My father’s father, Len Swiss, died twenty-five years ago this Christmas. When we went through his things a few weeks later I found that his coat fit me. I’ve had it in the back of my closet all these years; it has a few small tears that need sewing up, one missing button and one broken one. It’s been one of those sewing projects I never got around to. (Not that I have any skill at tailoring, but I can sew on a button or mend a small tear. Or, heck, if I were a more organized person I could find a friend with better sewing skills or just drop a few dollars at a dry cleaners with a seamster on site, but such small projects tend to be endlessly put off.)

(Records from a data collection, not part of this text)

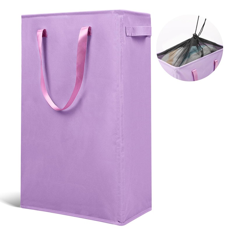 Odonata Slim Laundry Hamper Handles Collapsible Laundry Basket Thin Dirty Clothes Basket Narrow Laundry Bag Foldable Dirty Hamper 45L (Light Purple)
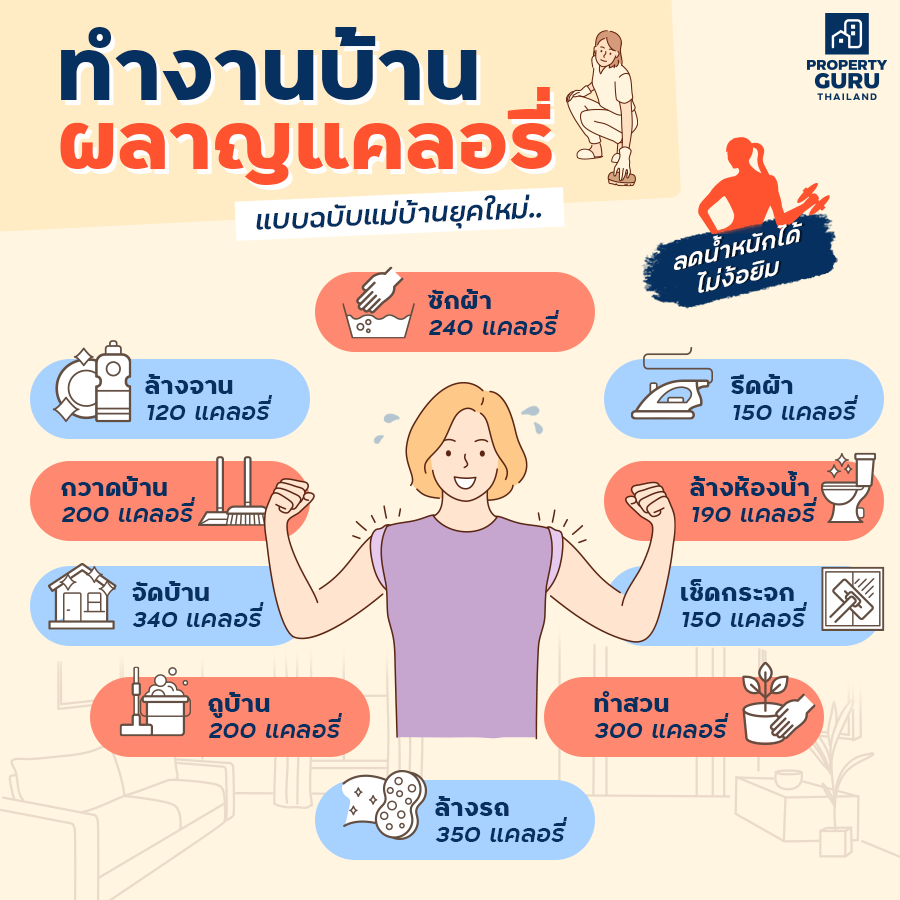ใครว่าการ "ออกกำลังกาย" จะต้องเข้าฟิตเนสหรือเข้ายิมเสมอไป การอยู่ที่บ้านก็สามารถออกกำลังกาย ลดน้ำหนัก ฟิตหุ่นให้สวยแซ่บได้เช่นกัน เคยได้ยินมั้ยคะ "แค่ขยับก็เท่ากับออกกำลังกาย" ดังนั้นการ "ทำงานบ้าน" อย่างการปัด กวาด เช็ด ถูก ซึ่งเป็นกิจกรรมที่คุณแม่บ้านต้องทำเป็นประจำอยู่แล้วนั่นแหละค่ะคือการออกกำลังกายดีๆ นี่เอง เพราะนอกจากจะทำให้บ้านสะอาดแล้วยังช่วยเผาผลาญแคลอรี่ได้มากถึง 200-400 แคลลอรี่ เลยทีเดียว เทียบเท่ากับการวิ่ง 30 นาที แล้วกิจกรรมไหนจะช่วยเผาผลาญแคลอรี่ได้เท่าไหร่บ้างไปดูกันเลย...
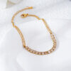A refined gold tennis bracelet featuring champagne cubic zirconia stones and a modern double-chain design. Lightweight, durable, and perfect for everyday elegance and special occasions.

I don’t know why it came into my mind recently, but I pulled it out today. I didn’t wake up this morning with the intention of doing any ancestor work, but in magic as in poetry the rule is simple: work with the inspiration that appears. The tears were smaller than I remembered, not bad enough to keep me from wearing it until they’re fixed.
I was a few weeks shy of twenty-one when he died, and he was a few weeks shy of seventy-nine — my birthday is the day after his, and my father’s is five days before, we sometimes had triple family birthday parties. I knew him as the family patriarch, father to my father, my uncle, and my aunt, grandfather to my cousin, my brother, and me, even as I saw him worn down in the last years of his life by caring for my grandmother through her serious health problems. He knew me as an infant, a boy, a teen, but never really as a man.
I remember him in this coat, just barely, a few mental snapshots.
Maybe I left that coat in the closet because I had to grow into it. Of course we’ve grown into very different people; he was father of three, a traditional Polish Catholic, a career officer in the Baltimore City Fire Department, where I’m a single Zen Pagan dilettante. And yet as my father’s father he was a big part of my model of manhood. His gentleness, good humor, readiness to express emotion and yet maintain a calm strength…I like to think I’ve grown into those qualities enough to wear his coat.